═══ Exercise inputs

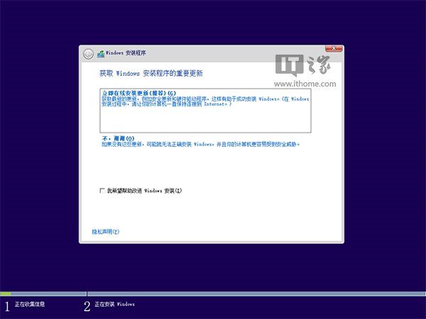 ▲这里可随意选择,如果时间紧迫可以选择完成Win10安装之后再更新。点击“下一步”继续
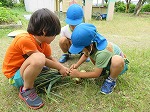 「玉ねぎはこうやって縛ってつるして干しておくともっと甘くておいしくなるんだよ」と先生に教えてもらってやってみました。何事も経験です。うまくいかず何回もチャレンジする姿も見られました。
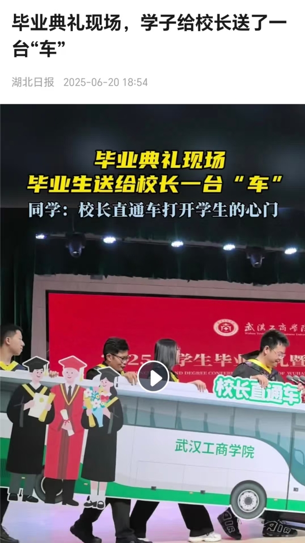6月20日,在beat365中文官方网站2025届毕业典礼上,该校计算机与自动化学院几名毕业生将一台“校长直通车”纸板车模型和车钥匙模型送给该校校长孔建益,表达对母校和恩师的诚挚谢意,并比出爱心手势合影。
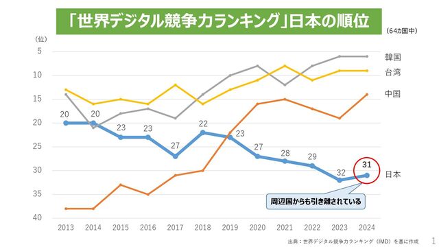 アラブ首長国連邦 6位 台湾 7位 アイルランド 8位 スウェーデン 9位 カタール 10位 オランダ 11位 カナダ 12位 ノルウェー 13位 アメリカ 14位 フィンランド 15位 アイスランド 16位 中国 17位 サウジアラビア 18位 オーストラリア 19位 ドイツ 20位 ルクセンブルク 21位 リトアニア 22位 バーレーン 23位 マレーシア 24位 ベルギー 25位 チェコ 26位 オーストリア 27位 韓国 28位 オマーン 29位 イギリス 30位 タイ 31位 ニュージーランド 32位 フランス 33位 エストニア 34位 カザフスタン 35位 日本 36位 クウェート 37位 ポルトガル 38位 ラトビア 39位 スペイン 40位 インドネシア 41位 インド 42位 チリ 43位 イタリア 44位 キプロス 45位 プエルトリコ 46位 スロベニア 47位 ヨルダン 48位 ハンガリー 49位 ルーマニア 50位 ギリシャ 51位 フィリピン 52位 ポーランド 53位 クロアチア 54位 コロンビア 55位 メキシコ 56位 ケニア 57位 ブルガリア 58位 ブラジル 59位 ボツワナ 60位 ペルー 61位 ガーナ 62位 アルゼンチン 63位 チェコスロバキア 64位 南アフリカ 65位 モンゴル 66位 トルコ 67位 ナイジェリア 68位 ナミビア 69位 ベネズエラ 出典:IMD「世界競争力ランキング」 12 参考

══════
═══ Exercise inputs

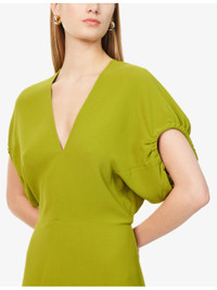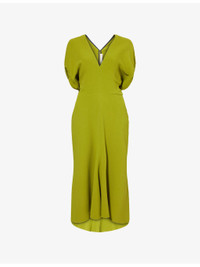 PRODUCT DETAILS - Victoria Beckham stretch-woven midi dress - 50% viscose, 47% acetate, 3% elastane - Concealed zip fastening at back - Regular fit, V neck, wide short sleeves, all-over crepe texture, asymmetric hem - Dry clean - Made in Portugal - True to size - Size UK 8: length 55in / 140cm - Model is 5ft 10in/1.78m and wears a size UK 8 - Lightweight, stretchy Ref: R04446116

══════
═══ Exercise inputs

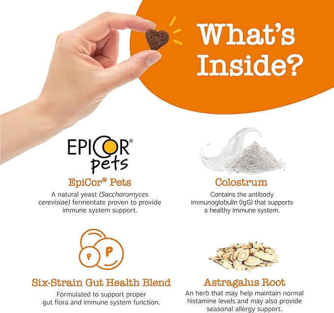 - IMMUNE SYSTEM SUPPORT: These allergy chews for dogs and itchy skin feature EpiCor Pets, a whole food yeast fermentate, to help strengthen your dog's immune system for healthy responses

══════

Copy word for word the lines of the records above from the one with "6月20日,在beat365" up to and including the one with "アラブ首長国連邦 6位 台湾". Skip the pictures.

## Exercise response
6月20日,在beat365中文官方网站2025届毕业典礼上,该校计算机与自动化学院几名毕业生将一台“校长直通车”纸板车模型和车钥匙模型送给该校校长孔建益,表达对母校和恩师的诚挚谢意,并比出爱心手势合影。
 アラブ首長国連邦 6位 台湾 7位 アイルランド 8位 スウェーデン 9位 カタール 10位 オランダ 11位 カナダ 12位 ノルウェー 13位 アメリカ 14位 フィンランド 15位 アイスランド 16位 中国 17位 サウジアラビア 18位 オーストラリア 19位 ドイツ 20位 ルクセンブルク 21位 リトアニア 22位 バーレーン 23位 マレーシア 24位 ベルギー 25位 チェコ 26位 オーストリア 27位 韓国 28位 オマーン 29位 イギリス 30位 タイ 31位 ニュージーランド 32位 フランス 33位 エストニア 34位 カザフスタン 35位 日本 36位 クウェート 37位 ポルトガル 38位 ラトビア 39位 スペイン 40位 インドネシア 41位 インド 42位 チリ 43位 イタリア 44位 キプロス 45位 プエルトリコ 46位 スロベニア 47位 ヨルダン 48位 ハンガリー 49位 ルーマニア 50位 ギリシャ 51位 フィリピン 52位 ポーランド 53位 クロアチア 54位 コロンビア 55位 メキシコ 56位 ケニア 57位 ブルガリア 58位 ブラジル 59位 ボツワナ 60位 ペルー 61位 ガーナ 62位 アルゼンチン 63位 チェコスロバキア 64位 南アフリカ 65位 モンゴル 66位 トルコ 67位 ナイジェリア 68位 ナミビア 69位 ベネズエラ 出典:IMD「世界競争力ランキング」 12 参考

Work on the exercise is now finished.